The most egregious OMG Cure stuff was in the original fpp on the subject, which began by saying "A quiet revolution is taking place in the multiple sclerosis community.".

When I saw that fpp last July, my heart leapt. As someone with MS, I was very excited about the prospect of a breakthrough in the understanding and treatment of the disease. I trust MeFi posters of, well, filtering. As HuronBob said, "when I see something like this on the blue, I read it with the knowledge that you folks are GOOD at finding, vetting, and sharing."

Unfortunately, that wasn't done in this case. Last July I spent a bunch of time trying to see what the big deal was. What I found was some early stage research, and some BBS postings by desperate people sharing anecdotes about undergoing a serious surgical procedure with unproven results.

Maybe I just didn't dig deeply enough, but as far as I could tell, the links from that FPP just utterly failed to back up the hype of the post text. After getting my hopes up, I was left deflated and angry.

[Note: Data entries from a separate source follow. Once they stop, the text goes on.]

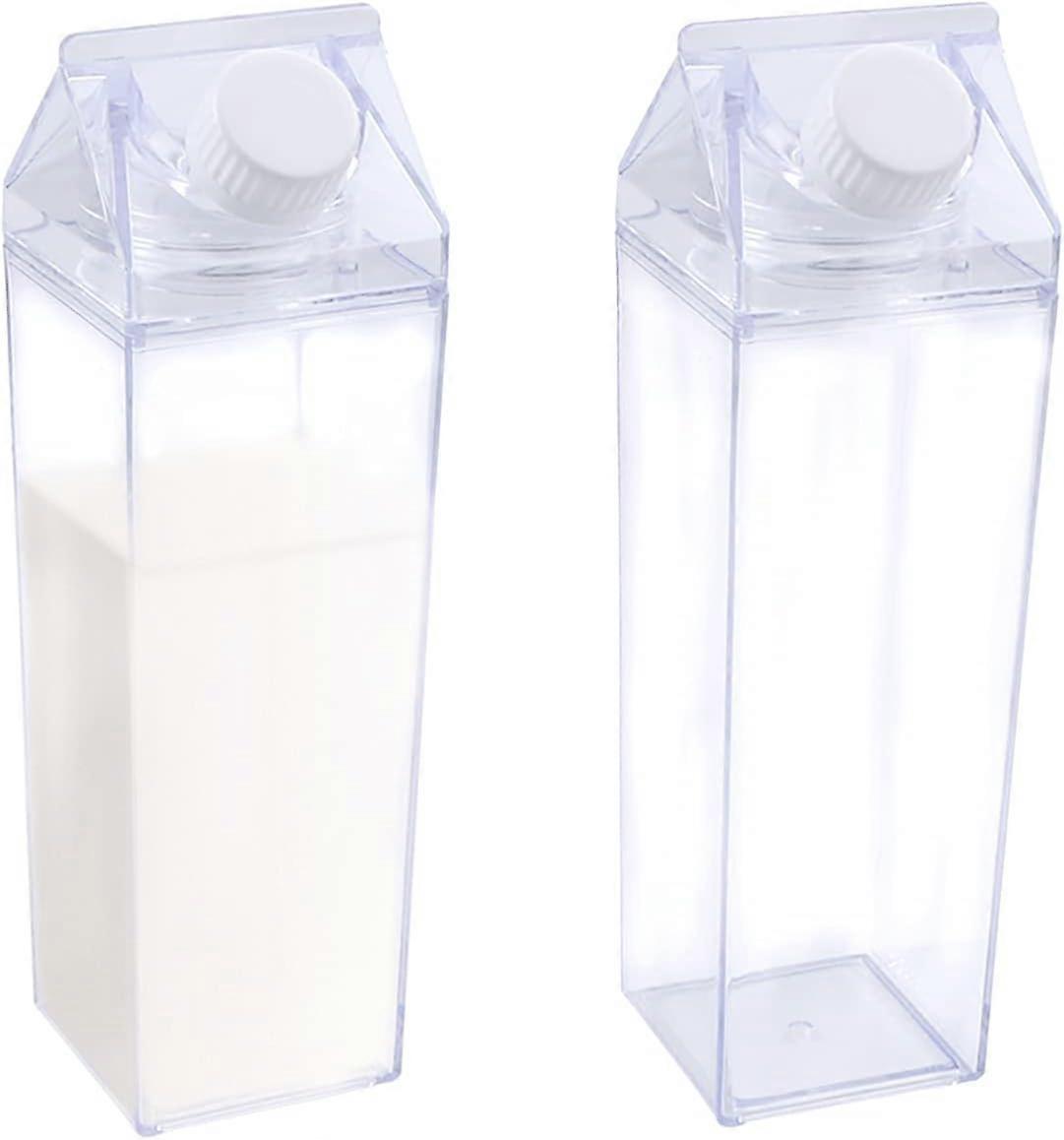 Milk Carton Water Bottle,2 Pack Clear Square Juice Refill Water Bottle,500ml Reusable Cute Container for Outdoor Indoor Travel Activities (500ML)
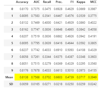 Мы можем легко выполнить настройку гиперпараметров с помощью функции tune_model()
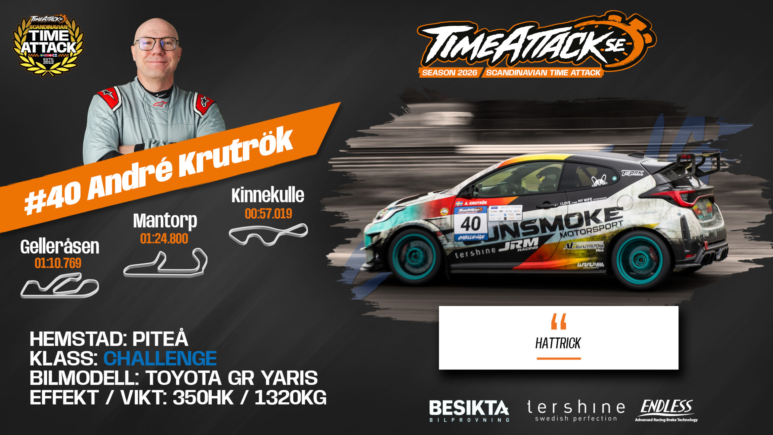 Fokuserad, målinriktad och noggrann. André siktar på att bli den första att ta hem två Challenge-titlar i rad – en prestation som kräver både disciplin och målmedvetenhet. Med starkt fokus och ett tydligt driv är han en konkurrent att räkna med.
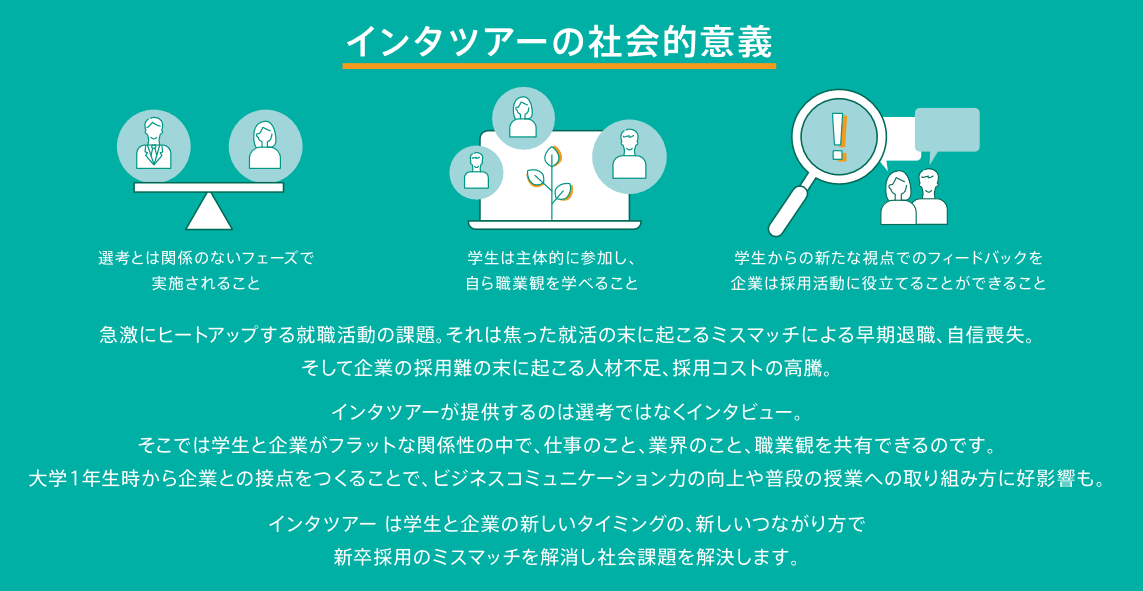 「インタツアー」は選考ではない新しいタイミングから新しいつながり方を提供し、ミスマッチの解消を通して社会の課題を解決します。
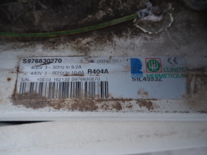 Silensys condenser with L'unite Hermetique cooling compressor, type: S976830270, serial number: 10E03 162132 S976830270, 400 V, 3 Ph, 50/60 Hz, 9.2/10.6 A, refrigerant: R404A, dimensions: 1050 mm x 1700 mm x 1500 mm.
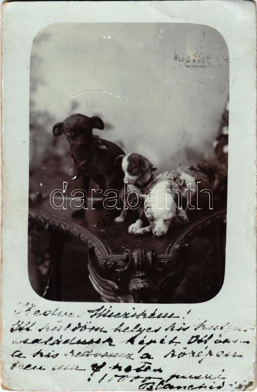 1900 Kutyák / dogs, photo (gyűrődések / creases) https://www.darabanth.com/hu/464-Gyorsarveres/464.0/Kepeslapok/Kutya~2000061/1900-Kutyak-dogs-photo-gyurodesek-creases~II3127713
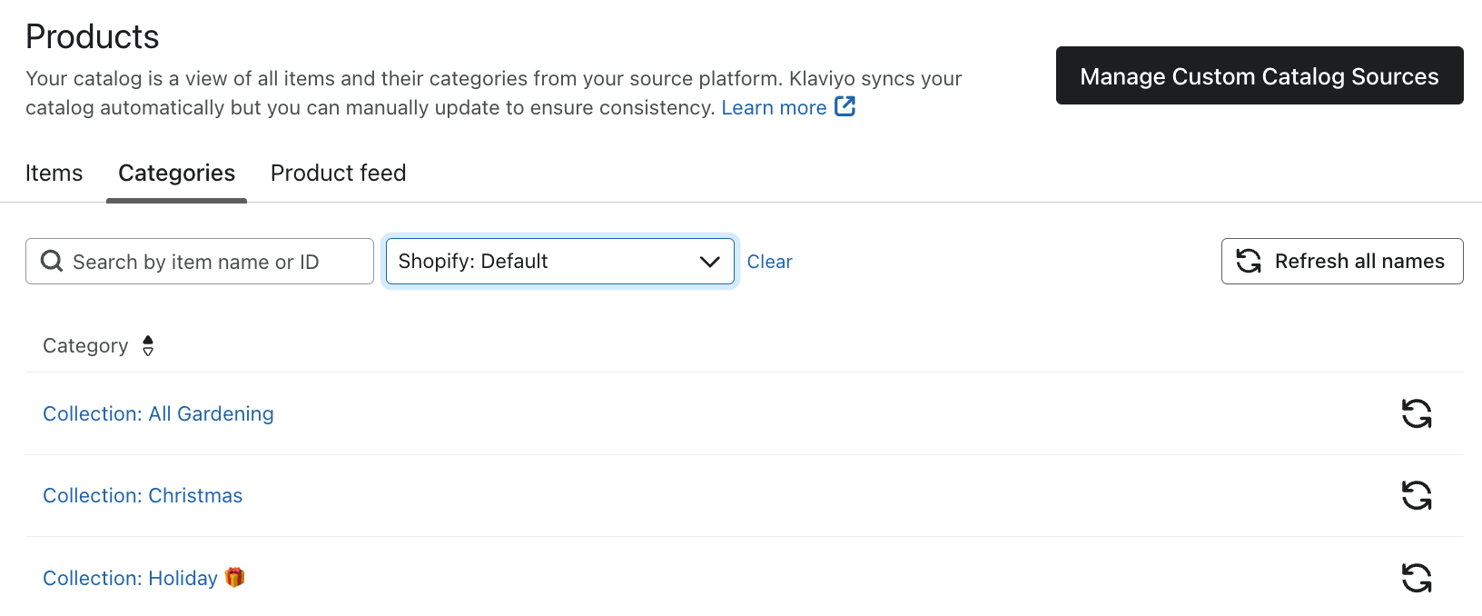 - Las nuevas categorías y la pertenencia de artículos a una categoría concreta se sincronizan desde Shopify cada 6 horas, por lo que una resincronización de categorías es útil para ver la información más actualizada en Klaviyo.
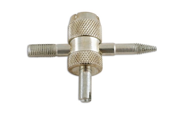 An old favourite, can be used to clean up the threads of a schrader valve body both internal and external as well as remove the valve core (vital for tyre changing) and clean up the valve core seat in the valve body (tapered screw cleaner)
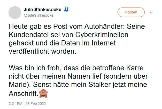 Und daran änderte sich auch bis 2022 nicht, sonst hätte der nächste Stalker aus dem Jahr 2015 sie ja nicht unter ihrem Namen finden können - warum auch immer er gehackte Daten eines Autohändlers im Internet durchsuchen sollte:

I don't think I commented at the time. But when I say the talking-up of this non-story continue on MetaTalk, my anger came out. This thread links to a story in a local paper about a researcher discussing some unpublished results of a study that hasn't yet been completed. This is a disservice to people who have MS. It is worse than a waste of time.

MetaFilter is about filtering, and sometimes that means heaping sarcasm and disdain on topics that deserve it.